After four wins and four losses to start Arsenal’s Premier League campaign, Mikel Arteta is aware that things have to change. One area where Arsenal need drastic improvement is their home form. After eking out two wins to begin the season, Arsenal have lost their last two home games, and overall have scored four goals in four games at home. When Unai Emery began his slide into getting sacked, it was because Arsenal lost the ability to win at home, and Arteta will be mindful that something similar doesn’t happen to him.
Arteta’s problem, though, is that there aren’t that many levers he has to change things. Arsenal don’t have a great team—the consequence of muddled squad construction, hastened by the decisions of the previous coaching regime and Raul Sanllehi—and the process of making Arsenal into a better team will take some time, and money. But Arteta does have some options which can probably make the team function more in attack. One option has been debated endlessly: playing Pierre-Emerick Aubameyang through the centre, and dropping Alexandre Lacazette.

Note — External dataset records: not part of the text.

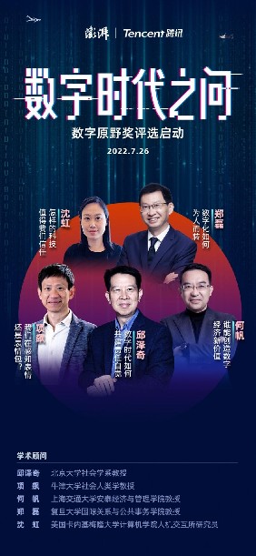 首届数字原野奖将“数字时代之问”作为本年度奖项的主题,邀请北京大学社会学系教授邱泽奇、牛津大学社会人类学教授项飙、复旦大学国际关系与公共事务学院教授郑磊、上海交通大学安泰经济与管理学院教授何帆、美国卡内基梅隆大学计算机学院人机交互所研究员沈虹五位大众影响力和学术影响力兼具的学者担任数字原野奖学术顾问。
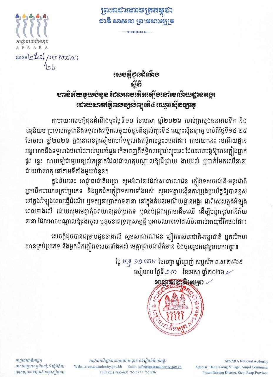 អាជ្ញាធរជាតិអប្សរា ជូនដំណឹង ស្ដីពីហានិភ័យមួយចំនួន ដែលអាចកើតឡើងនៅរមណីយដ្ឋានអង្គរ ដោយសារឥទ្ធិពលខ្យល់ព្យុះទី៤ ឈ្មោះសុីនឡាគូ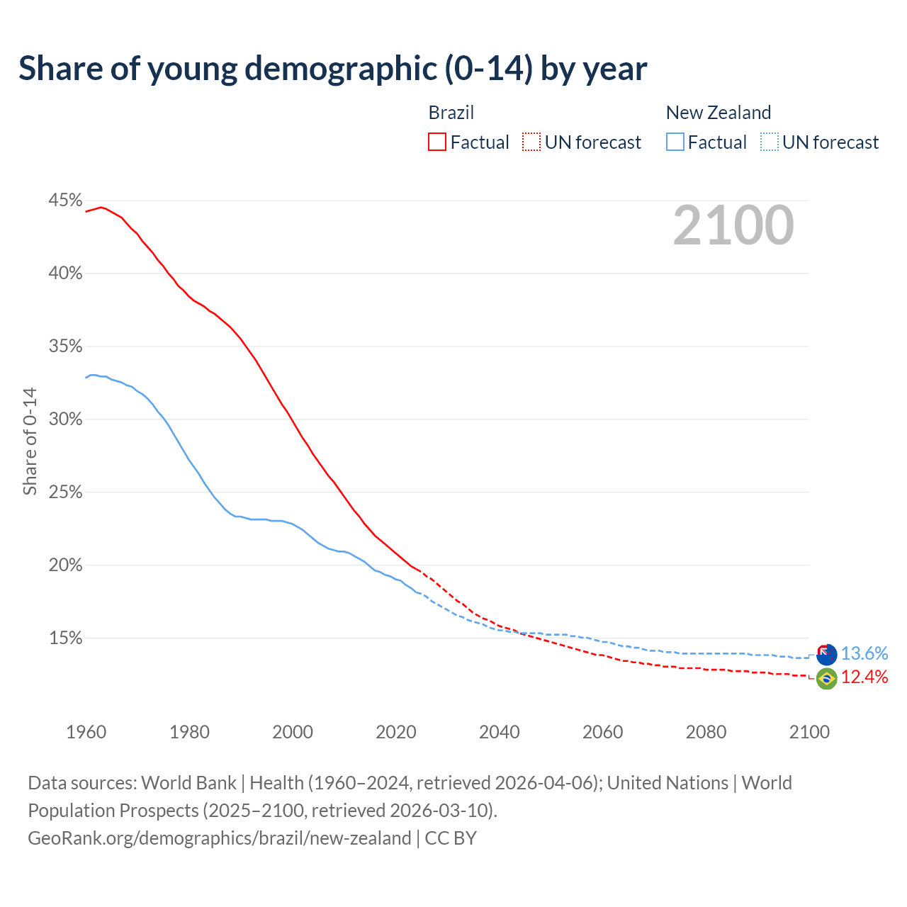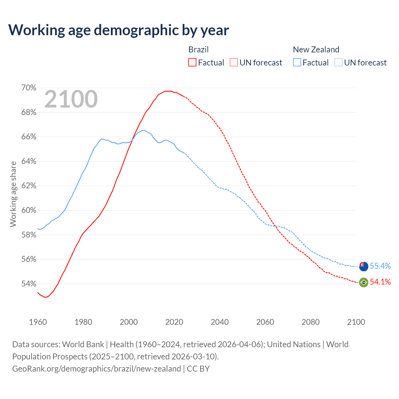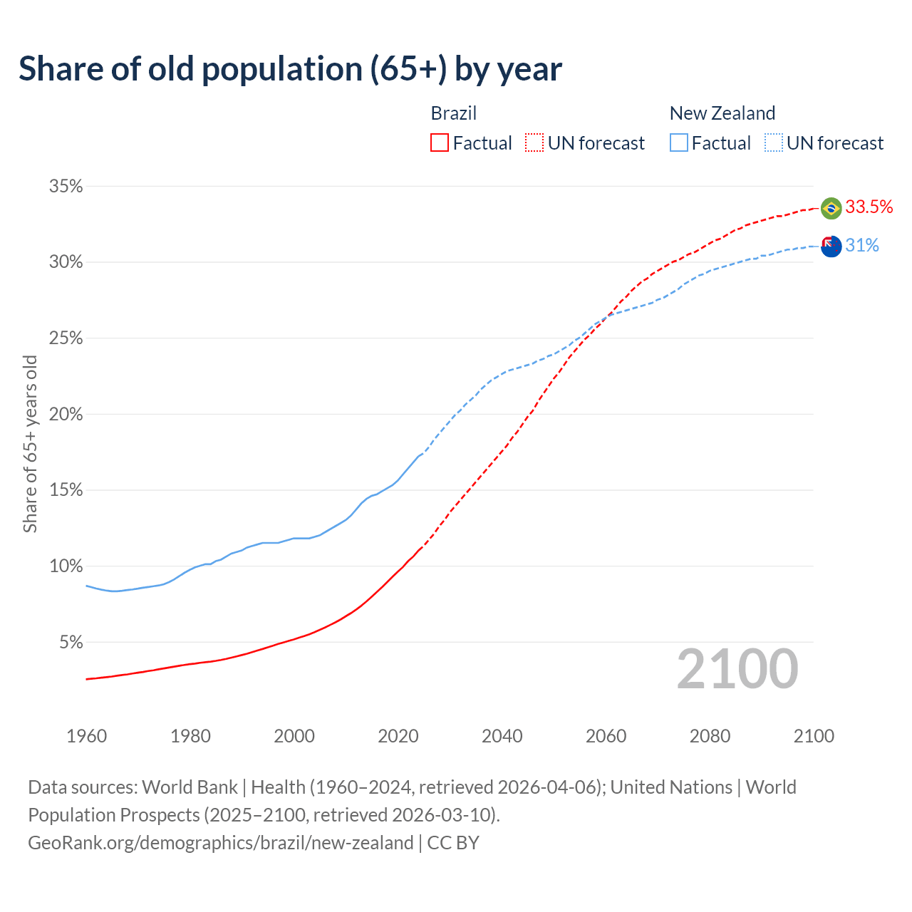 Median age Brazil vs New Zealand, 1960-2100
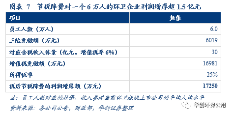 同時階段性降費政策控制成本,助增盈利與現金流。今年繼續執行下調增值稅稅率和企業養老保險費率等制度,新增減稅降費約5000億元。前期出臺6月前到期的減稅降費政策,執行期限全部延長到今年年底。假設一個6萬人員工的環衛企業2月起三項社會保險減半繳納,并以行業平均人效預測2020年全年含稅收入30億元,則2020年全年社保減少額和增值稅免繳額分別望達5680萬元和1.6億元,明顯提振企業現金流與利潤水平。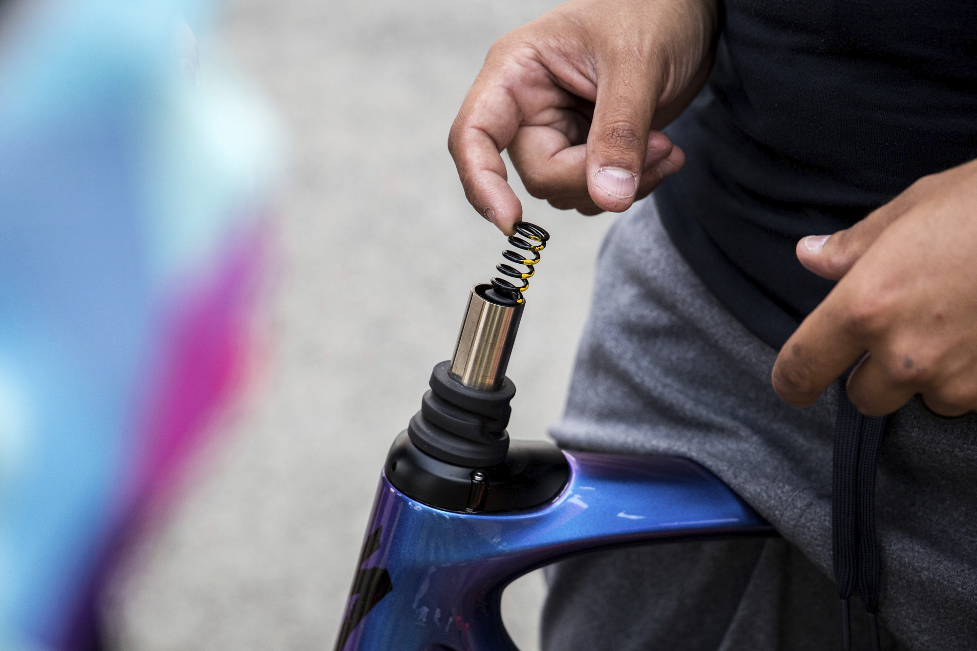 The spring moves up and down as you ride. Specialized carried out a lot of research in this area. They hypothesised that there were two ways suspension could work on a road bike: they could offer ‘splay’ or ‘axial compliance’.

That would enable Arsenal to start what is perhaps their most balanced front three, with Bukayo Saka on the left, Aubameyang through the middle, and Nicolas Pépé on the right. And there is some evidence it could work: the halcyon day of Sheffield United at home, where bringing Pépé on for Lacazette changed the game.
Indeed, bringing Pépé into the team would help Arsenal improve its shot output. Arsenal are thoroughly midtable in terms of expected goals, and fifteenth in shots per 90. If analytics has taught us one thing about football, it’s that gambling, and taking more shots, statistically increases your chances of scoring. This does not mean, though, taking a bunch of low rated shots from 30 yards, but rather, when in decent positions around the eighteen yard box, it is better to gamble and shoot rather than not.
Arsenal, though, don’t really have a player who takes gambles. Not, at least, in their regular Premier League lineup. Playing against the albeit lesser competition in the Europa League, however, has highlighted the role that Joe Willock could have in this Arsenal team. Indeed, Willock is second among all Arsenal players in xG/90 across all competitions, and fourth in shots per 90. While the talent that Arsenal face in the Europa League is certainly less than that of the Premier League, Willock’s numbers are reflective of his off the ball movement, and his decision to take risks, and gamble.
Against Dundalk, Willock consistently attacked the box, taking advantage of channels where he could pop up, either running beyond Eddie Nketiah, or in support of him. In running beyond Nketiah, he not only put himself in a position to be in a good position, but in needing to be marked, created space for Arsenal’s other attacking players. He made supporting runs too, gambling on the possibility of getting the ball. This paid off for Willock with his goal. The run Willock makes puts him in a perfect position to be played in by Pépé. Pépé decides to shoot, but because Willock made the initial run, he can pounce upon the rebound—a goal that just doesn’t happen if Arsenal don’t have a midfield player making the forward run.
Against Molde, it was more of the same. Willock forced the first own goal, and played the cross for the second—after making a forward midfield run. He was in the penalty box for the cutback for Nicolas Pépé’s third, and made a superb run off the shoulder of the defence to be found by David Luiz, before finally getting his goal after another forward dart into the penalty box.
Signing Thomas Partey means that Mikel Arteta has some flexibility in his midfield. He can use Partey behind two number 8s, or use Partey and another #8 ahead of someone like Granit Xhaka, or Mohamed Elneny. In any event, in games that Arsenal should dominate, and have to take initiative, there is a spot for Joe Willock as one of the number 8s, because of the quality of his movement off the ball, and the way he gets into effective attacking areas. It isn’t always pretty—the own goals against Molde weren’t the end product of easy on the eye football—but Arteta’s Arsenal need to be more effective in attack. One way to do that is to get more movement, more attacking intent, and more shots into the team, a role that can be provided by Joe Willock.